### EXERCISE DATA
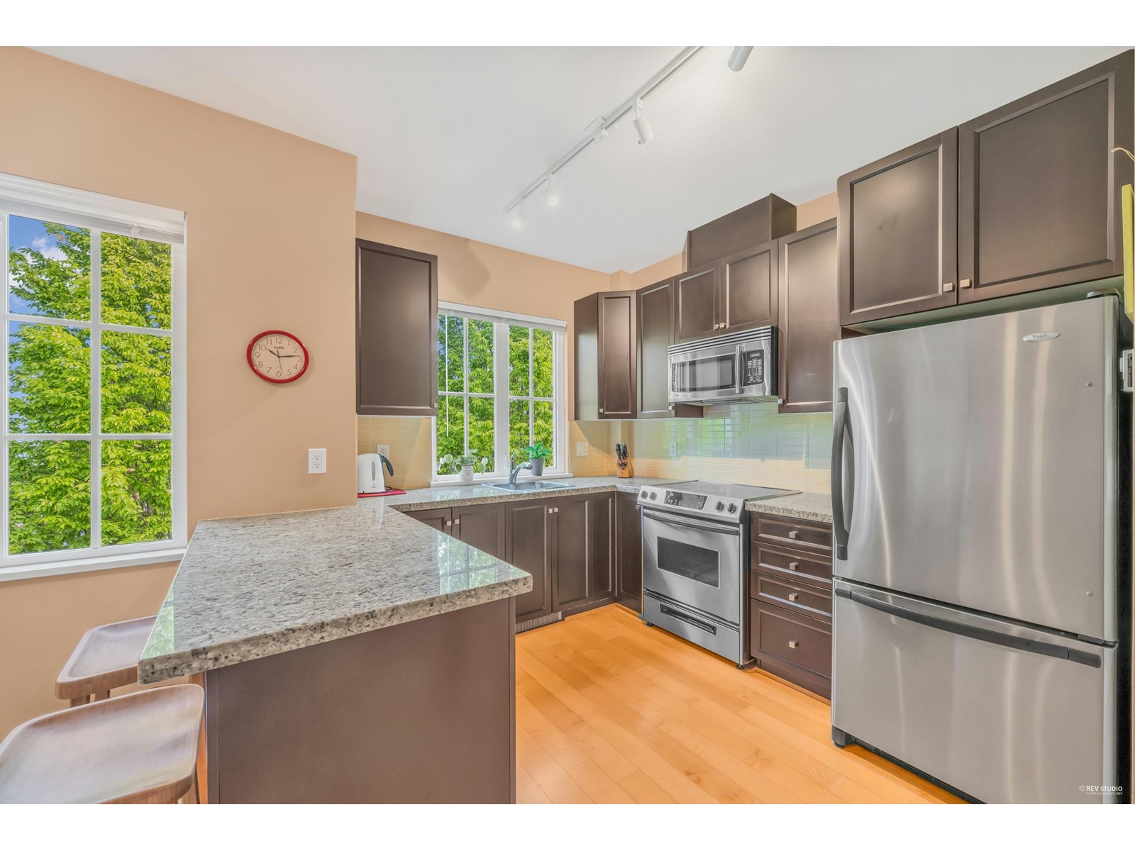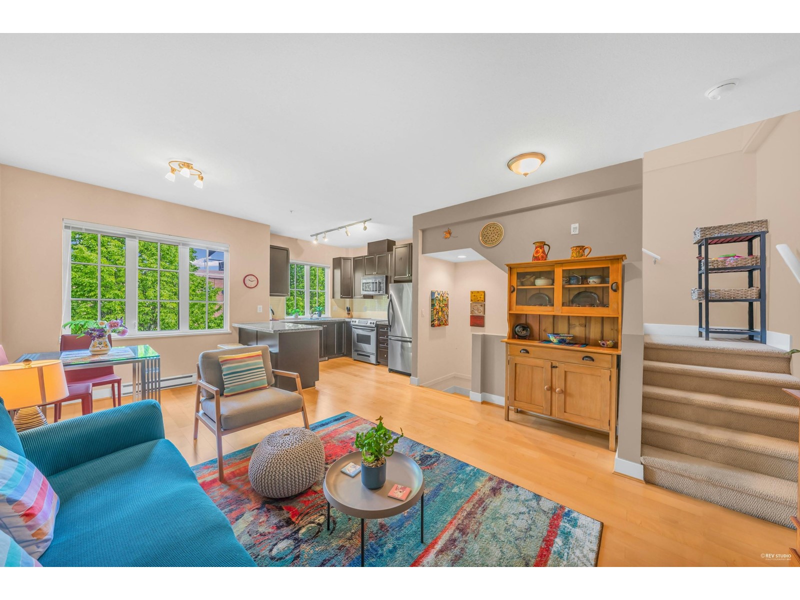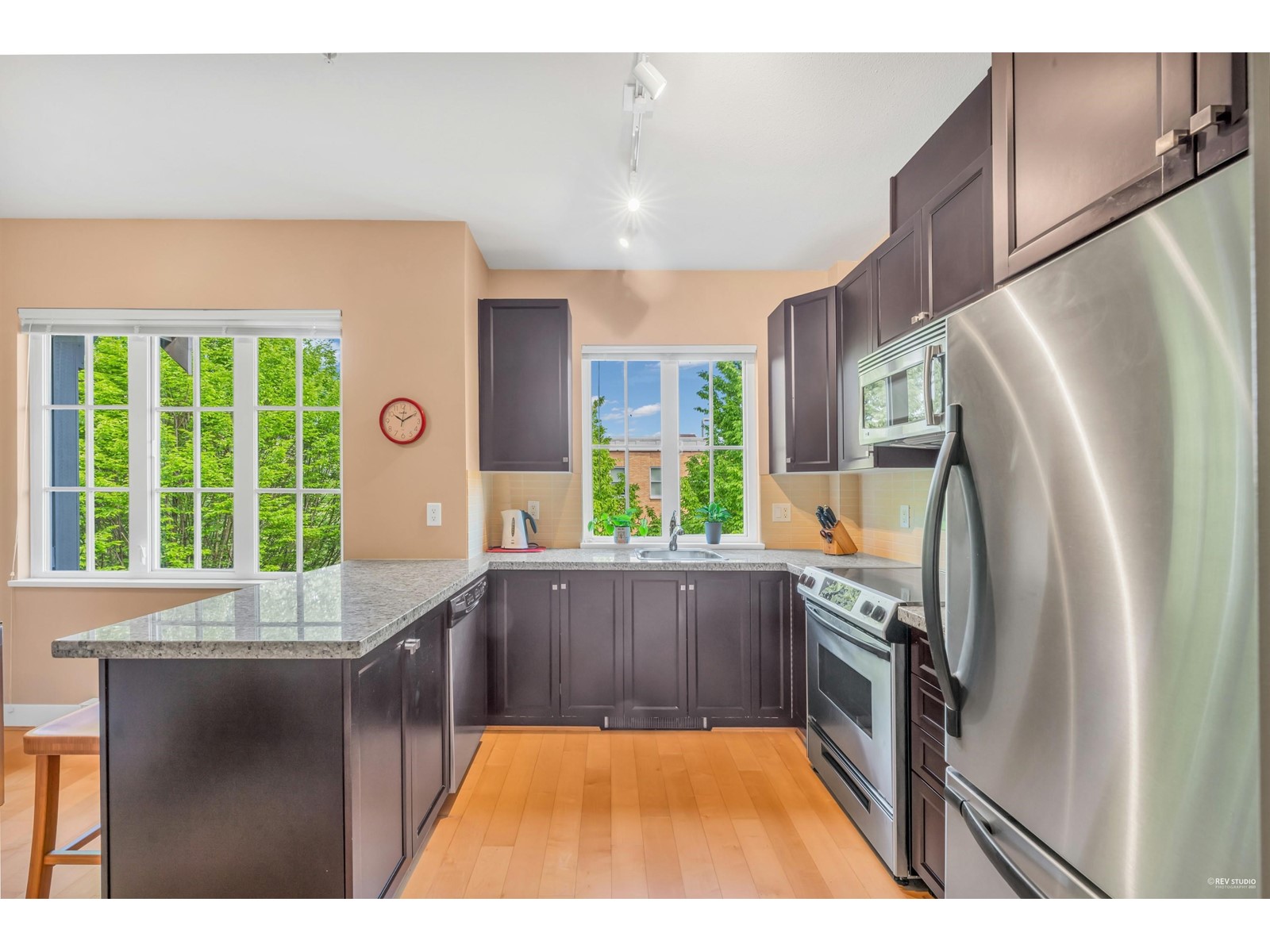 Rarely available 2 Bed. & Den townhouse at Maison in the heart of SOMA. Heritage style boutique complex, crafted by Formwerks. 1 of only 3 units with roof deck & view of North Shore Mountains & Downtown. Layout is great for privacy of your teenager or guests, as bedrooms are separated. Den next to the primary bedroom makes a lovely nursery. A cook's kitchen offers a winter mountain view. Extremely well cared for home. Small friendly strata, with excellent maintenance history. Ditch the car, and shop local - everything you need including future Skytrain station is a short walk away. Quiet treed street with dedicated bike route. A location to be envied. 2 pets OK (cats or dogs). All showings by appointment. (id:22211)
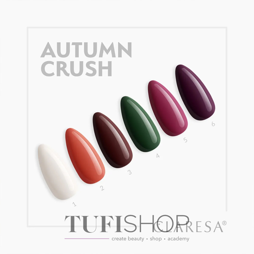 Коллекция Claresa AUTUMN CRUSH – это шесть глубоких, насыщенных цветов, вдохновленных магией прохладных утра, шелестящих листьев и чувственных вечеров. Эти цвета сочетают в себе классику с ноткой экстравагантности – они идеально подходят как для повседневной жизни, так и для особых случаев. Каждый оттенок был создан для женщин, которые любят стиль, элегантность и немного таинственности.
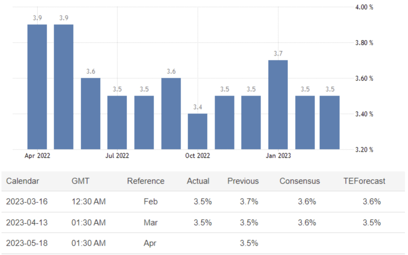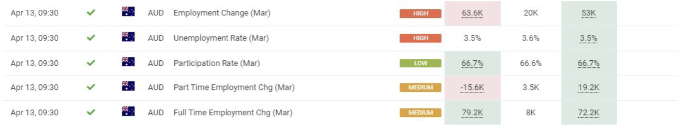 April 13 10:30 JPT; 01:30 GMT, オーストラリアの2023年3月の季節調整済み失業率は3.5%となり、50年ぶりの低水準となった2月から変化はなかったが、市場予想の3.6%を下回った。
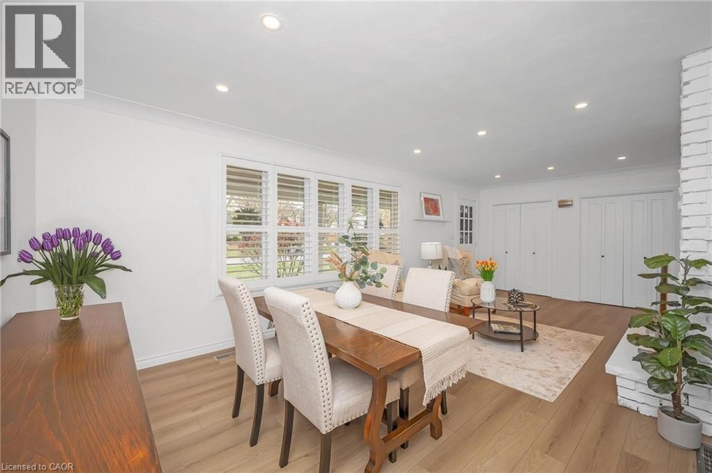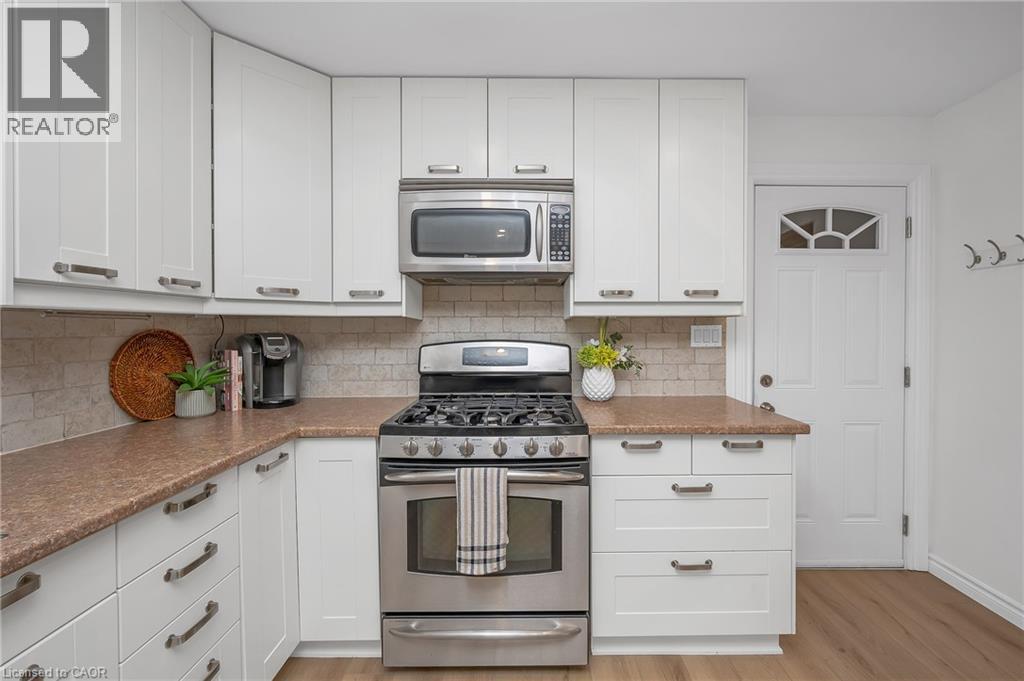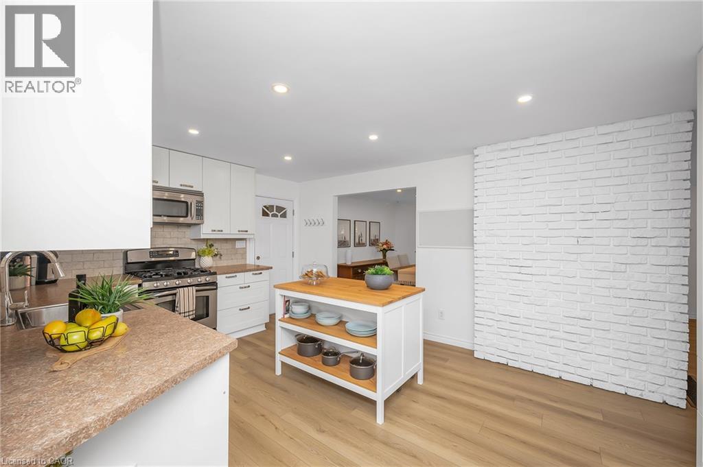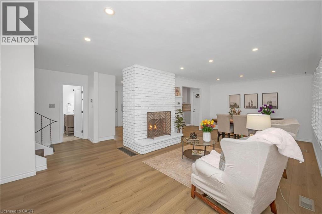 Welcome to 15 Harvest Lane, a beautifully updated 4-level side split in Brantford’s sought-after Greenbrier neighbourhood. Set on a quiet, family-friendly street where kids play and neighbours connect, this home offers the kind of lifestyle buyers are searching for - walkable, welcoming, and move-in ready. With 3+1 bedrooms, 2 fully renovated bathrooms, and 3 living areas, the layout is both functional and flexible for growing families. From the moment you arrive, the stone walkway and covered front porch set the tone - polished, inviting, and easy to love. Inside, the main level feels bright and refreshed, featuring a spacious living room with a statement floor-to-ceiling wood-burning fireplace, an open dining area, and a crisp white kitchen complete with stainless steel appliances, a central island, and a walk-out to the backyard. The fully fenced yard and two-tier deck are made for spring and summer - morning coffee, weekend BBQs, and long evenings outside while kids play. Upstairs, you’ll find three generous bedrooms with hardwood flooring and excellent closet space. The lower level adds even more versatility with a cozy family room and bonus flex space ideal for a playroom, home office, or teen hangout. The fully finished basement offers a stylish rec room, a spacious fourth bedroom, a modern full bathroom, and a bright, organized laundry area. Updates include new main floor flooring, California shutters, and a newer furnace, heat pump, and A/C (2024). Close to parks, schools, shopping, and quick 403 access - this is a home that delivers on lifestyle, location, and value. (id:64974)

### WHAT YOU NEED TO DO
Nothing except the lines from the one containing "Коллекция Claresa AUTUMN" through the one containing "April 13 10:30" should appear in the answer, exactly as above and without pictures.

### WRITTEN SOLUTION
 Коллекция Claresa AUTUMN CRUSH – это шесть глубоких, насыщенных цветов, вдохновленных магией прохладных утра, шелестящих листьев и чувственных вечеров. Эти цвета сочетают в себе классику с ноткой экстравагантности – они идеально подходят как для повседневной жизни, так и для особых случаев. Каждый оттенок был создан для женщин, которые любят стиль, элегантность и немного таинственности.
 April 13 10:30 JPT; 01:30 GMT, オーストラリアの2023年3月の季節調整済み失業率は3.5%となり、50年ぶりの低水準となった2月から変化はなかったが、市場予想の3.6%を下回った。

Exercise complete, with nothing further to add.